Overnight, the Dexcom showed a drop to 120 at 5 AM followed by an upwards drift.
Got up at 9 AM to an sg reading 147 and a bg of 7.3 ( = 131.4) had some broccoli with cooking water which I estimated to be about 5 grams carbohydrate. This resulted in a sharp rise.
At 9:40 AM, sg 171 with a 45 degree up arrow, I took 1 unit aspart. Blood sugar peaked around 185 and then dropped.
At 1:40 PM, sg 126 ->, I took 2 units aspart and ate a piece of pizza which I estimated to be 20 grams of carbohydrate. My sensor showed no spike at all but a very gentle rise, and I went high (above 160) at 4 PM.
At 4:35 PM, sg 171 rising, I took 5 units aspart.

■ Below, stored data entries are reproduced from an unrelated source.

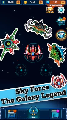 Embark on an extraordinary cosmic odyssey in "Sky Force - The Galaxy Legend," a thrilling spaceship game that catapults players into the heart of intergalactic warfare. Command a formidable fleet of spaceships, each equipped with cutting-edge weaponry, as you navigate through breathtaking celestial landscapes, engage in intense dogfights, and confront formidable adversaries.
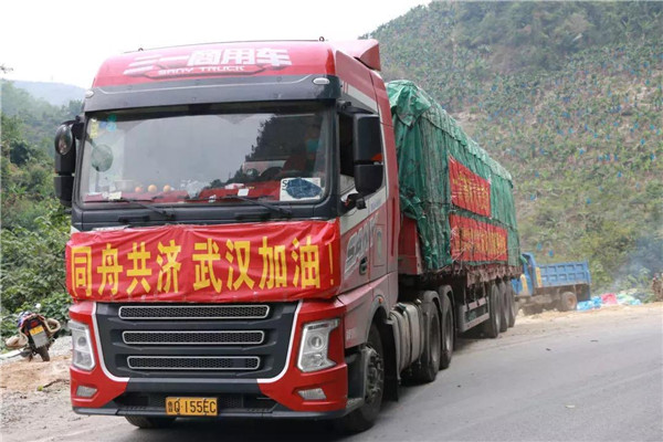 2月5日上午,河口县莲花滩乡石板寨村坡头93户村民自发捐赠的22吨爱心香蕉顺利运抵湖北黄石。
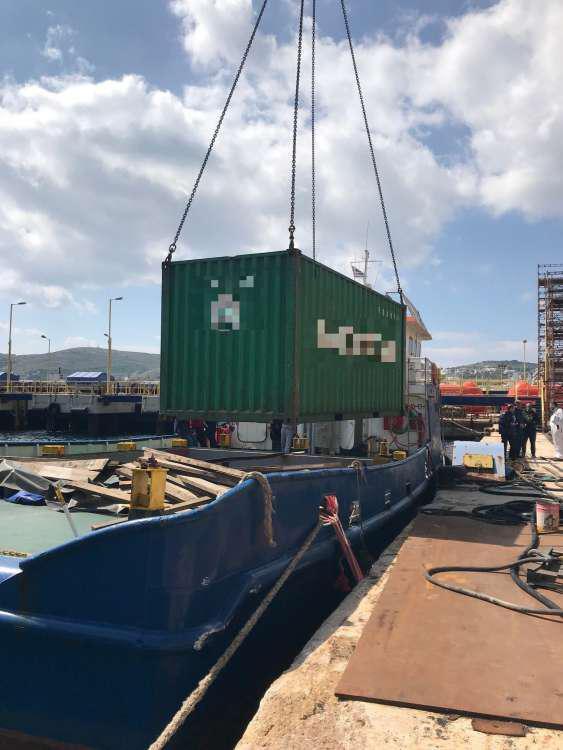 Το Daslis οδηγήθηκε χθες στα ναυπηγεία του Νεωρίου, προκειμένου με τη χρήση γερανού και τη συνδρομή εργαζομένων του ναυπηγείου να ξεφορτωθούν τα τέσσερα κοντέινερ που είχε πάνω του.
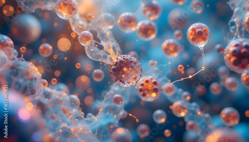 Abstract visualization of glowing microscopic particles resembling molecules in a vivid scientific background, symbolizing chemistry and nanotechnology.
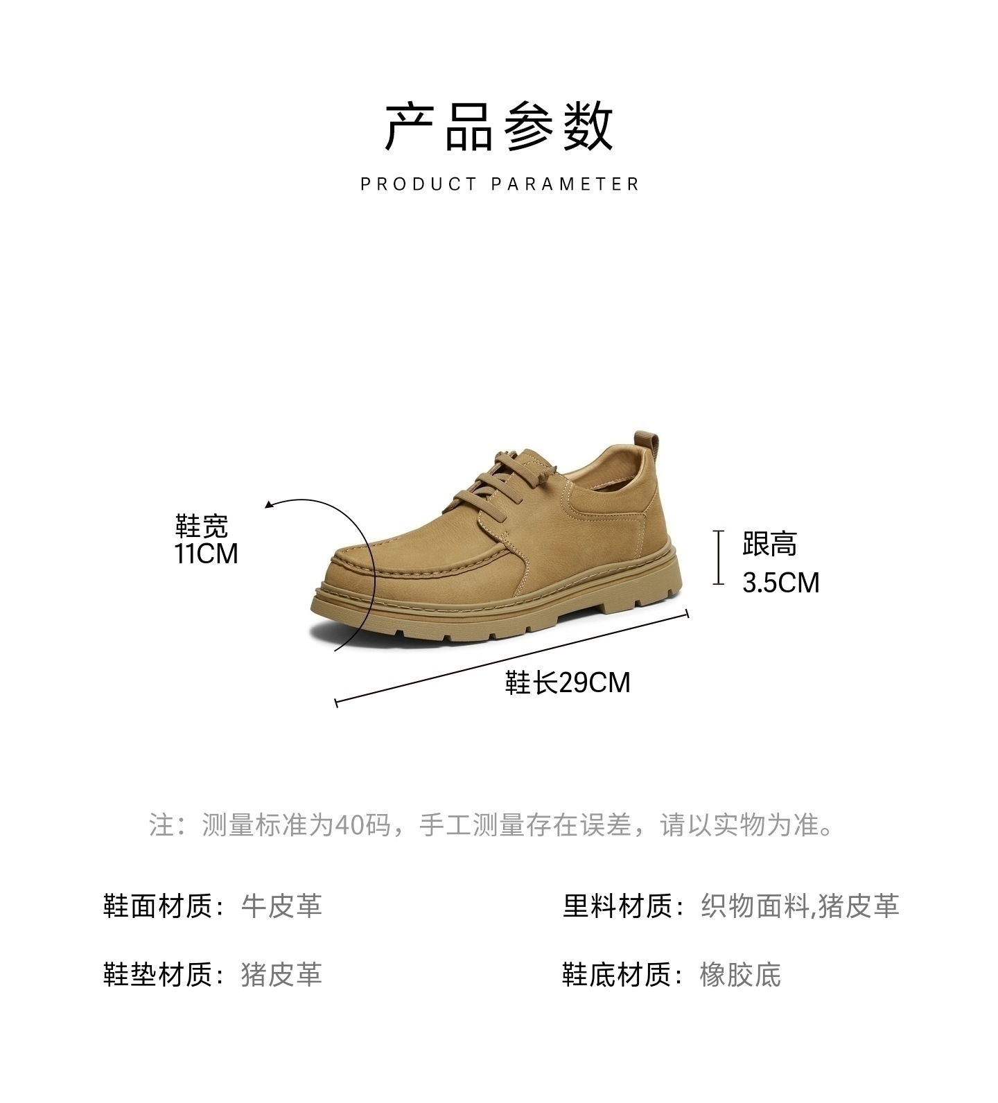 | 风格:休闲 | 色系:棕色 | 跟高数值:3.5CM | 40码鞋宽参考(男):11CM | 性别:男子 |
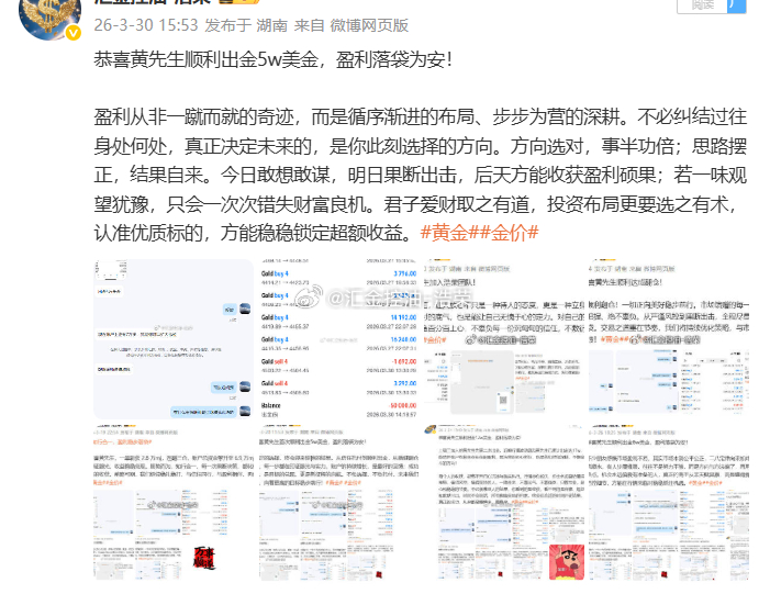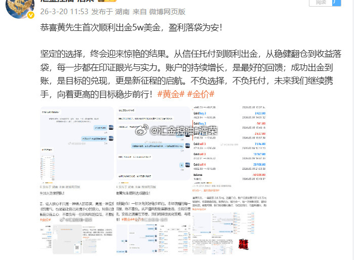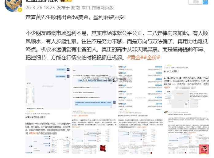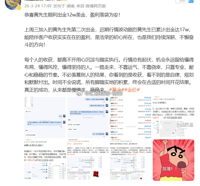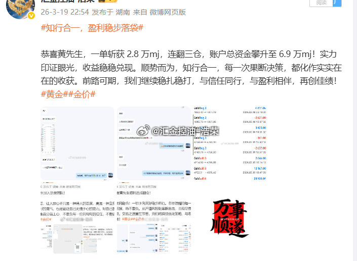 市场风云变幻,顺势者方能致远;交易长久盈利,依托专业方能稳赢。感恩黄先生的充分信任与默契配合,选择托付,便全力以赴。往后岁月,浩荣团队将继续以硬核实力、稳健思路深耕市场,不负每一份期待,与客户携手同行,持续掘金行情,共赢财富未来。黄金 金价
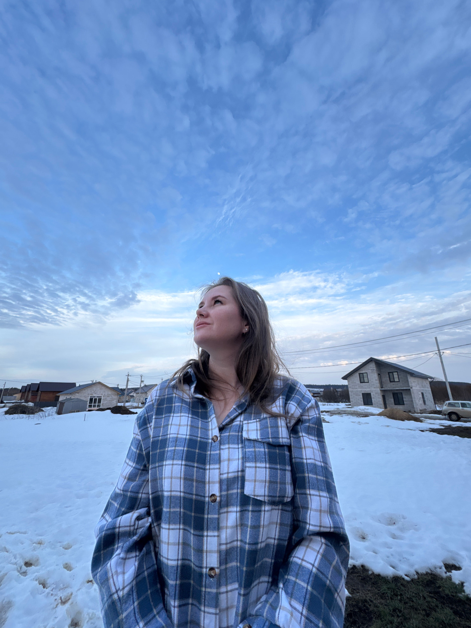 The image shows a young woman standing in the snow in what appears to be a residential area. She is wearing a blue and white plaid shirt. The sky is cloudy. In the background, there are houses and pow…read more
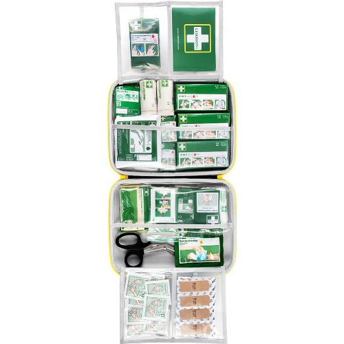 Robust och tålig första hjälpen-väska som är lätt att bära med sig. Produkterna är packade i transparenta plastfickor för tydlig översikt. Väskan skyddar innehållet mot damm och fukt. Signalfärgerna grönt och gult gör väskan väl synlig på långt håll. Passar skador såsom blödning, små och stora sår, andning, brännsår, cirkulationssvikt och stukning. Vikt ca 1 kg.

At 5:25 PM, sg 161 with an arrow straight down, I ate about 40 grams carbohydrate of cinnamon bread and sweet roll. My blood sugar dropped to about 100, banked, rose to 140, fell gently.
At 8:25 PM, bg 6.8 (122) I took 6 units aspart and ate 3 cups of beans (about 24 grams carbohydrate), 3/4 cups of couscous (about 30 grams carbohydrate), and five frozen strawberries.
At 10:15 PM, I took 11 units of glargine because the trend seemed to have been upwards.

Right now it's half past midnight on Tuesday and my sensor is saying 157-> but showing a slight rise. I'm contemplating taking a unit aspart (Novolog).